Take note that natural methods are differentiated from so-called “modern” methods. Obviously then, these modern family planning methods include artificial contraceptives (since they are not the same as natural methods).

Section 4 Definition of terms (HB 4244) states:

Reproductive Health Care refers to the access to a full range of methods, facilities, services and supplies that contribute to reproductive health and well-being by preventing and solving reproductive health-related problems. . . The elements of reproductive health care include:

(1) family planning information and services; . . .

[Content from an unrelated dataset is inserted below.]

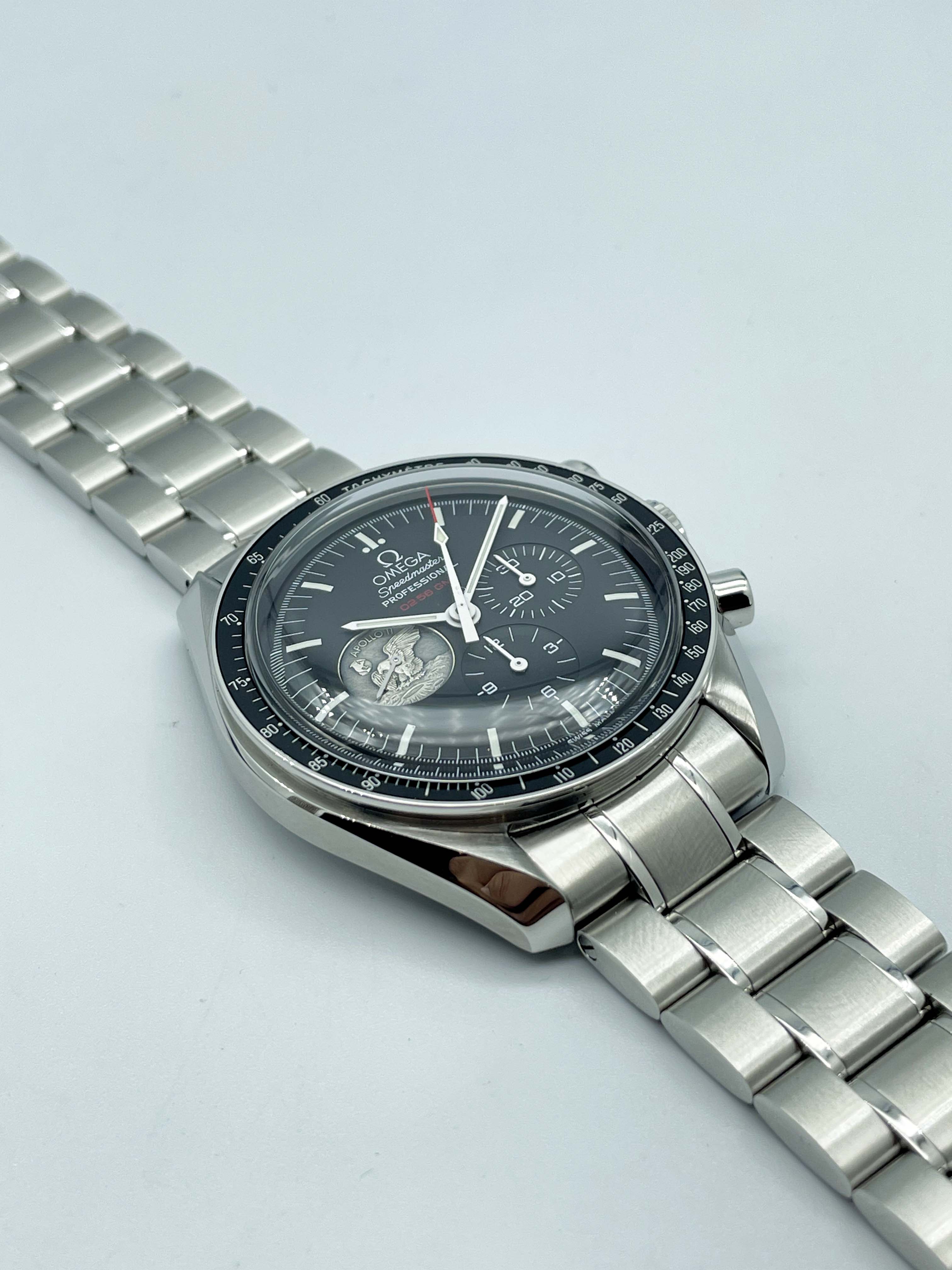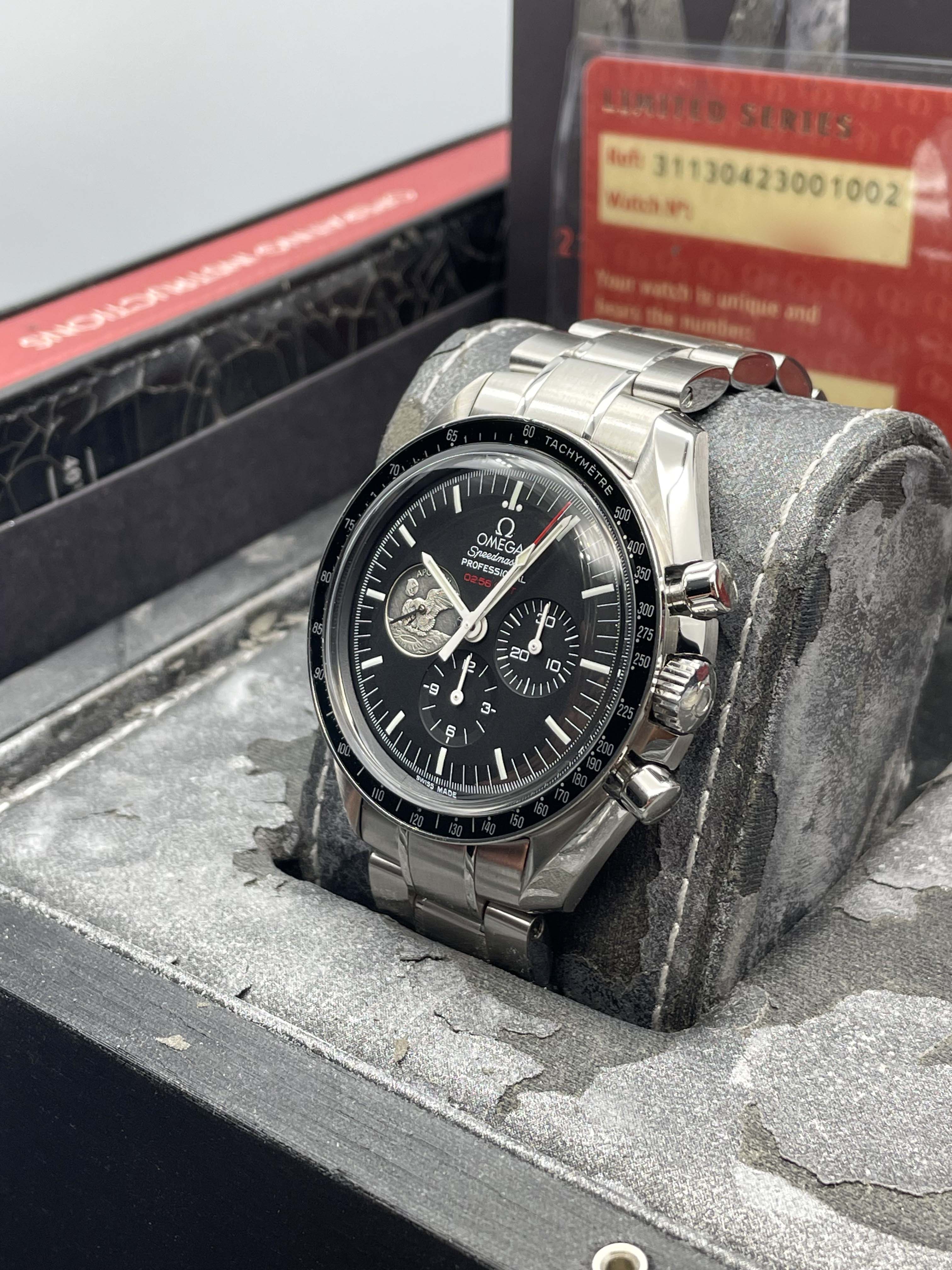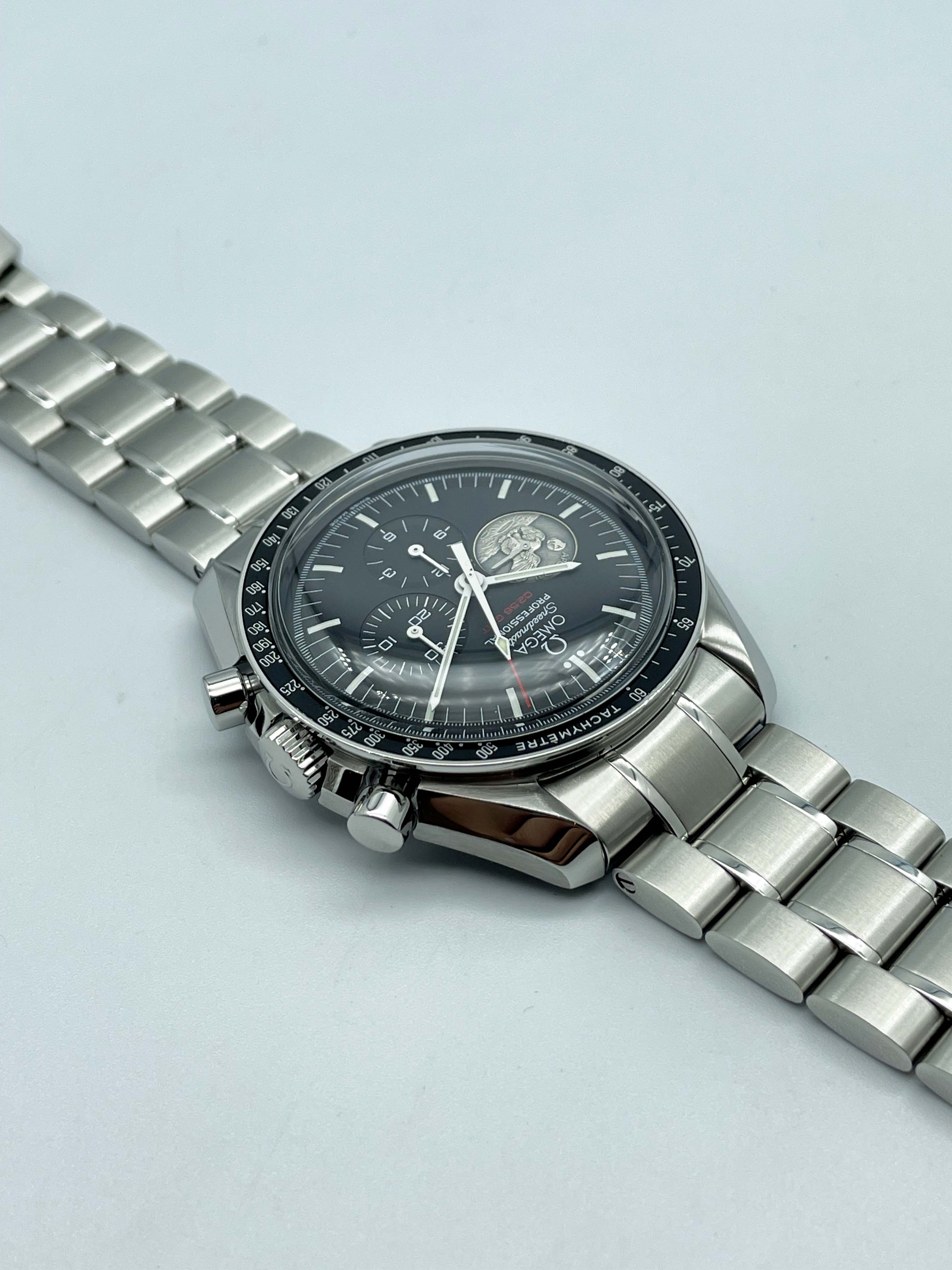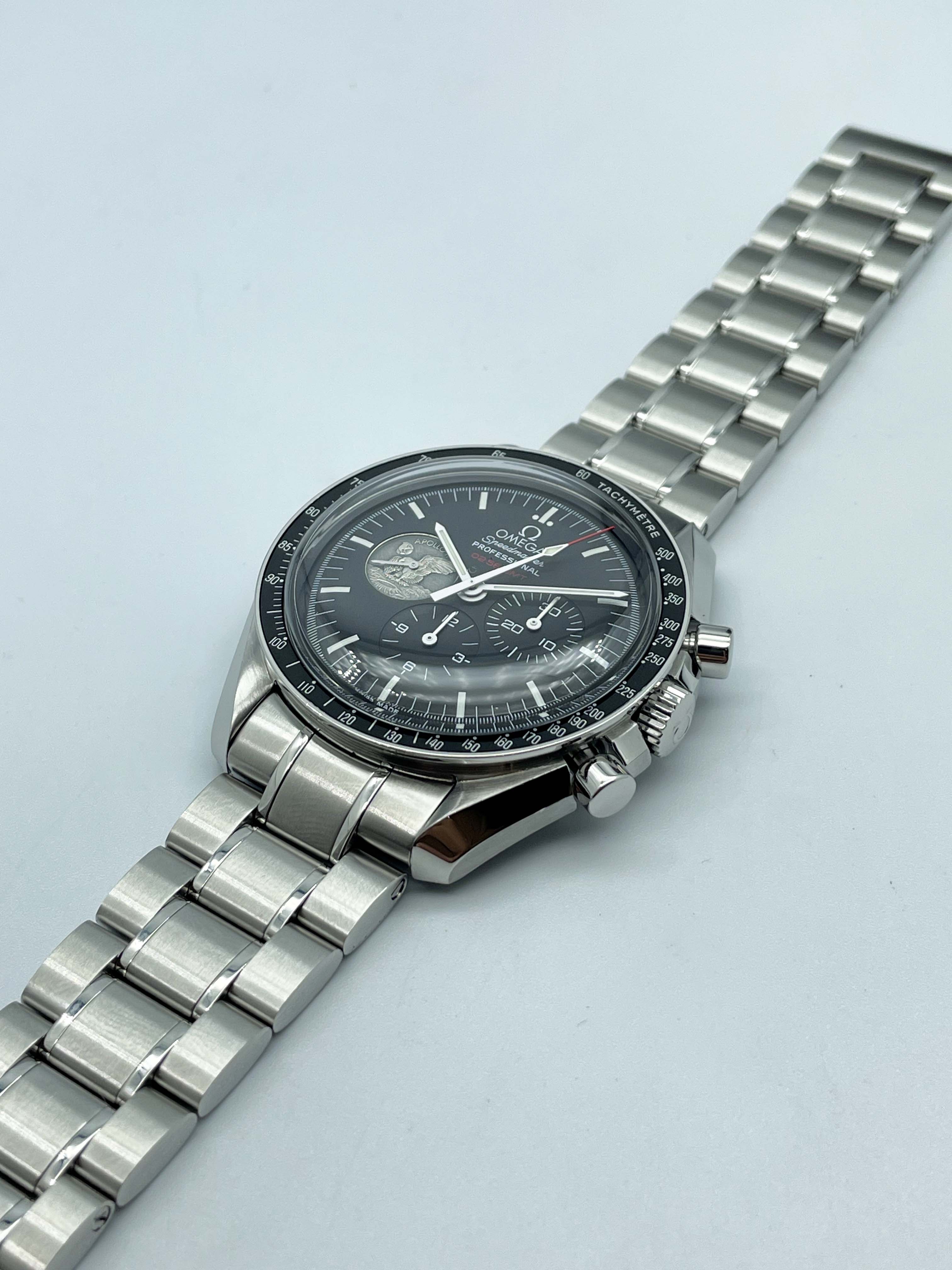 The Omega Speedmaster Moonwatch 1861 Apollo 11 40th Anniversary 311.30.42.30.01.002 is a commemorative edition celebrating the 1969 Apollo 11 moon landing, one of the most significant moments in both space exploration and watchmaking history. Released in 2009 to mark the 40th anniversary, this limited-edition Speedmaster remains faithful to the original Moonwatch worn by astronauts, featuring a 42mm stainless steel case, Hesalite crystal, and the manually wound Calibre 1861 movement. Staying true to the heritage of the Speedmaster, it retains the professional chronograph layout and the classic tachymeter bezel that has become synonymous with NASA's space missions.

Thus, artificial contracetpives will be funded by the bill.

The thing is, some of these contraceptives are abortifacient, as the Philippine Medical Association warned:

Doctors warn DOH on contraceptives

The Philippine Medical Association (PMA) has urged the Department of Health (DOH) to study the possibility that some abortion-causing drugs are present in inventories of the department’s family planning program.

. . .

“Life begins at fertilization, anything that prevents the fertilized ovum to be implanted in the uterus may be considered as abortive and therefore, if prescribed, may violate our solemn oath as physicians to save and protect human life particularly the unborn,”  said PMA president Dr. Oscar Tinio.

Larimore and Stanford (2000), in “Postfertilization Effects of Oral Contraceptives and Their Relationship to Informed Consent,” said that:

“It seems likely that for perfect use of COCs, postfertilization mechanisms would be likely to have a small but not negligible role. For POPs, COCs with lower doses of estrogen, and imperfect use of any OCs, postfertilization effects are likely to have an increased role. In any case, the medical literature does not support the hypothesis that postfertilization effects of OCs do not exist.

Just a note: “OC” means oral contraceptive; “COC” means combined oral contraceptive.

Anyone want to guess what a “postfertilization effect” is?